→ **EXERCISE OBJECTIVE**: Set down the entries exactly as they appear, apart from the images, which stay out.

→ **RECORDS TO PROCESS**:
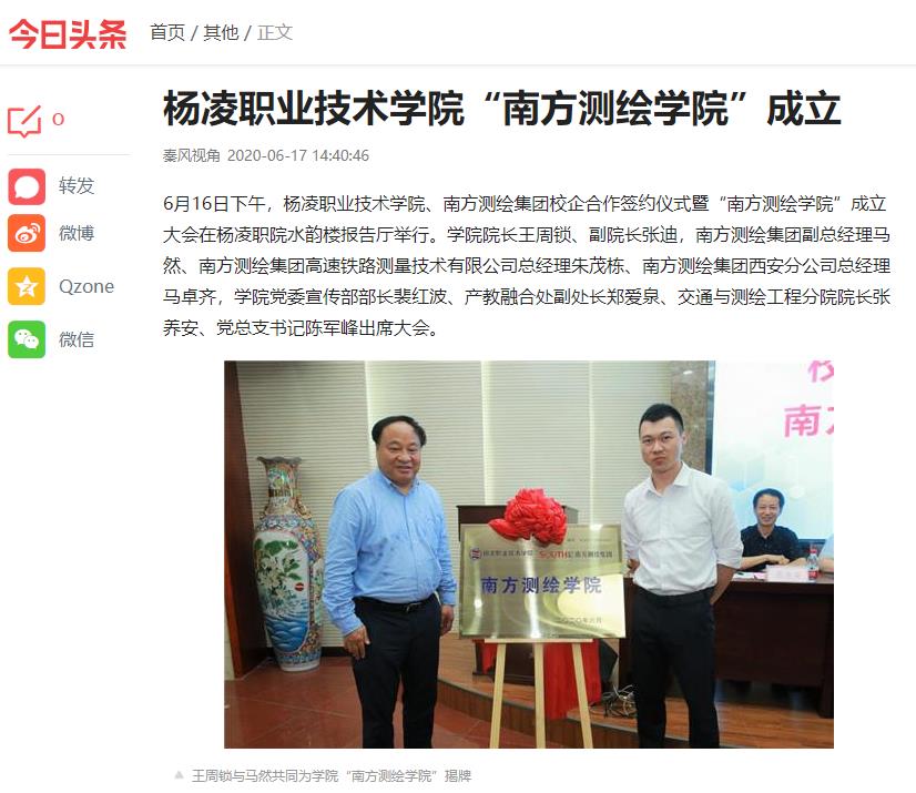 【今日头条】杨凌职业技术学院“南方测绘学院”成立
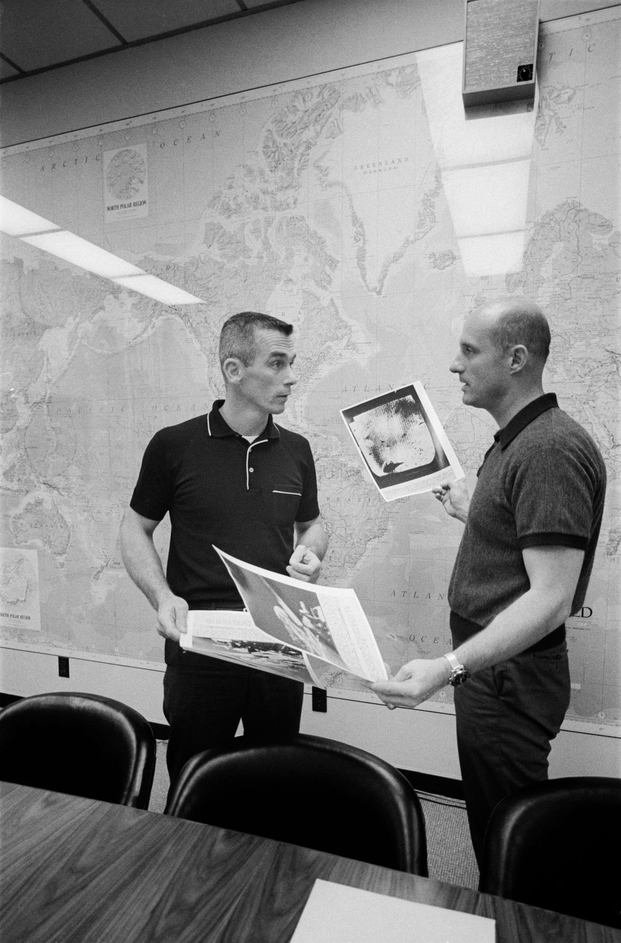 S66-32144 (2 June 1966) --- Astronauts Thomas P. Stafford (right) and Eugene A. Cernan look over pictures of the lunar surface taken by Surveyor I. Photo credit: NASA
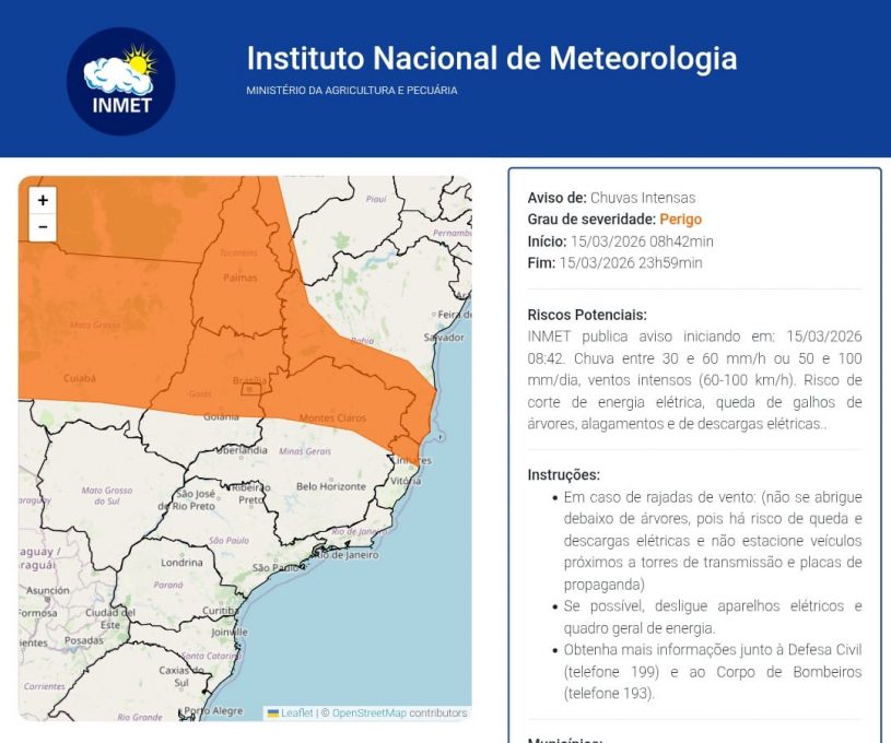 Segundo o Inmet, a previsão é que ocorram chuvas entre 30 e 60 mm/h e ventos intensos entre 60 e 100km/h. Há também risco potencial de corte de energia elétrica, queda de árvores, alagamentos e descargas elétricas para todo o município.
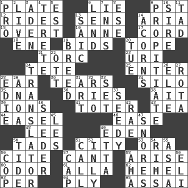 ACROSS 1. Food holder 6. Untruth 9. Pacific Standard Time (abbr.) 12. Amusement-park features 13. Elected reps. 14. Operatic vocal solo 15. Unconcealed 16. Singer Murray 17. Drawstring 18. Compass dir. 19. Auction offers 20. Drink excessively 21. Torque (variant) 23. RI univ. 24. False hair 25. Keyboard key 28. Ewer handle 30. Separates forcefully 34. Grain storage tower 35. Heredity factor (abbr.) 36. Frees from moisture 38. Small island 39. Charged particles 41. Carrier 43. Afternoon social gathering 44. Artist's stand 46. Comfort 48. Area sheltered from the wind 49. Paradise 50. Small boys 51. Municipality 53. Mouth or opening 56. Quote 57. Patter 58. Originate 60. Scent 61. Silent film actress Nazimova 62. Klaipeda city 63. For each 64. Apply oneself diligently 65. Slender Brazilian palm DOWN 1. Adept person 2. Moving, as bait 3. An important port of Yemen 4. Cigar-shaped 5. Eastern Standard Time (abbr.) 6. Grant temporary use of 7. Taverns 8. Compass dir. 9. Conciliate 10. Male parent of an animal 11. Small boy 13. Ketch in the Levant 14. Oak nuts 19. A special lineage 20. Third day of the wk. 22. Baseball player Mel 24. Interpreter 26. Writer Wiesel 27. Round or rotation of duties 28. Singer Brickell 29. Small Philippine buffalo 31. Nonscientific branch of learning 32. _ de Janeiro 33. Arrange properly for use 37. Shabby and untidy 40. Sowing specialist 42. Actress Charlotte 45. French article 47. Sounds asleep 49. Singer James 50. Periodic rise and fall of the sea level 51. Give a ring to 52. Inwardly 54. Basketball hoops 55. At sea 56. Police officer (slang) 57. Head covering 58. Nursemaid (var.) 59. Connecticut Ivy Leaguer
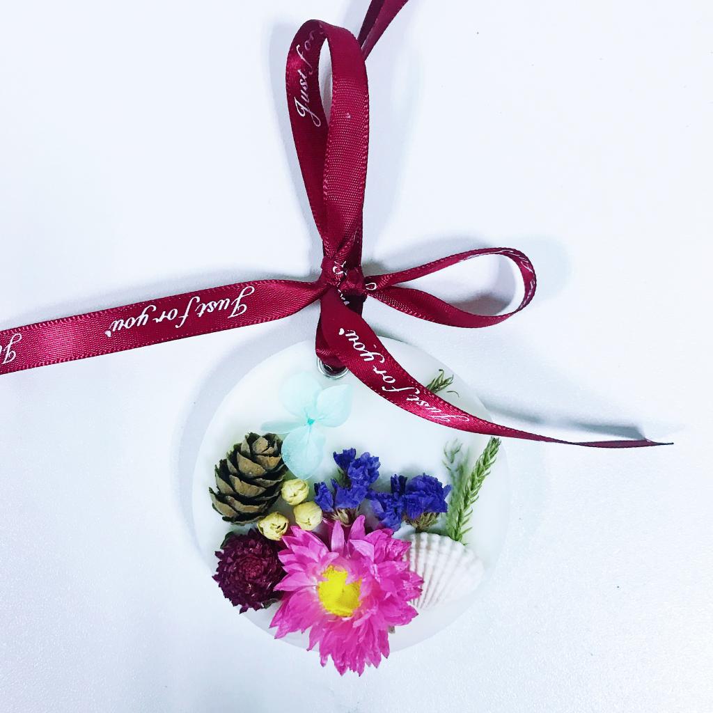 第一次动手,难免因为不熟悉而出现各种差错。同学们在一次次尝试中琢磨蜡凝固的时间,在面积很小的蜡片上,进行花材的布局和色彩搭配,练习倒模,捆扎蝴蝶结。经过近一个小时的努力,每个人的专属香薰蜡片终于完工。
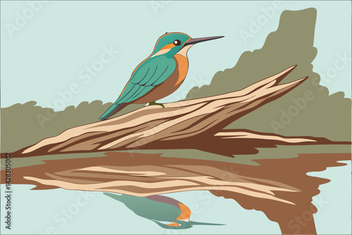 © idezignminno, Fototapeta premium Elegant Kingfisher Illustration Vibrant & Serene Wildlife Art
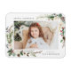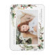 Élégant aimant photo de vacances avec votre photo préférée encadrée de bouquets de fleurs d'ivoire, feuillage vert luxuriant, cônes de pins et baies sèches contre un arrière - plan blanc. Personnalisez les magnets de vacances en ajoutant votre nom et un message d'accueil personnalisé.

→ **RESULT BELOW**:
 【今日头条】杨凌职业技术学院“南方测绘学院”成立
 S66-32144 (2 June 1966) --- Astronauts Thomas P. Stafford (right) and Eugene A. Cernan look over pictures of the lunar surface taken by Surveyor I. Photo credit: NASA
 Segundo o Inmet, a previsão é que ocorram chuvas entre 30 e 60 mm/h e ventos intensos entre 60 e 100km/h. Há também risco potencial de corte de energia elétrica, queda de árvores, alagamentos e descargas elétricas para todo o município.
 ACROSS 1. Food holder 6. Untruth 9. Pacific Standard Time (abbr.) 12. Amusement-park features 13. Elected reps. 14. Operatic vocal solo 15. Unconcealed 16. Singer Murray 17. Drawstring 18. Compass dir. 19. Auction offers 20. Drink excessively 21. Torque (variant) 23. RI univ. 24. False hair 25. Keyboard key 28. Ewer handle 30. Separates forcefully 34. Grain storage tower 35. Heredity factor (abbr.) 36. Frees from moisture 38. Small island 39. Charged particles 41. Carrier 43. Afternoon social gathering 44. Artist's stand 46. Comfort 48. Area sheltered from the wind 49. Paradise 50. Small boys 51. Municipality 53. Mouth or opening 56. Quote 57. Patter 58. Originate 60. Scent 61. Silent film actress Nazimova 62. Klaipeda city 63. For each 64. Apply oneself diligently 65. Slender Brazilian palm DOWN 1. Adept person 2. Moving, as bait 3. An important port of Yemen 4. Cigar-shaped 5. Eastern Standard Time (abbr.) 6. Grant temporary use of 7. Taverns 8. Compass dir. 9. Conciliate 10. Male parent of an animal 11. Small boy 13. Ketch in the Levant 14. Oak nuts 19. A special lineage 20. Third day of the wk. 22. Baseball player Mel 24. Interpreter 26. Writer Wiesel 27. Round or rotation of duties 28. Singer Brickell 29. Small Philippine buffalo 31. Nonscientific branch of learning 32. _ de Janeiro 33. Arrange properly for use 37. Shabby and untidy 40. Sowing specialist 42. Actress Charlotte 45. French article 47. Sounds asleep 49. Singer James 50. Periodic rise and fall of the sea level 51. Give a ring to 52. Inwardly 54. Basketball hoops 55. At sea 56. Police officer (slang) 57. Head covering 58. Nursemaid (var.) 59. Connecticut Ivy Leaguer
 第一次动手,难免因为不熟悉而出现各种差错。同学们在一次次尝试中琢磨蜡凝固的时间,在面积很小的蜡片上,进行花材的布局和色彩搭配,练习倒模,捆扎蝴蝶结。经过近一个小时的努力,每个人的专属香薰蜡片终于完工。
 © idezignminno, Fototapeta premium Elegant Kingfisher Illustration Vibrant & Serene Wildlife Art
 Élégant aimant photo de vacances avec votre photo préférée encadrée de bouquets de fleurs d'ivoire, feuillage vert luxuriant, cônes de pins et baies sèches contre un arrière - plan blanc. Personnalisez les magnets de vacances en ajoutant votre nom et un message d'accueil personnalisé.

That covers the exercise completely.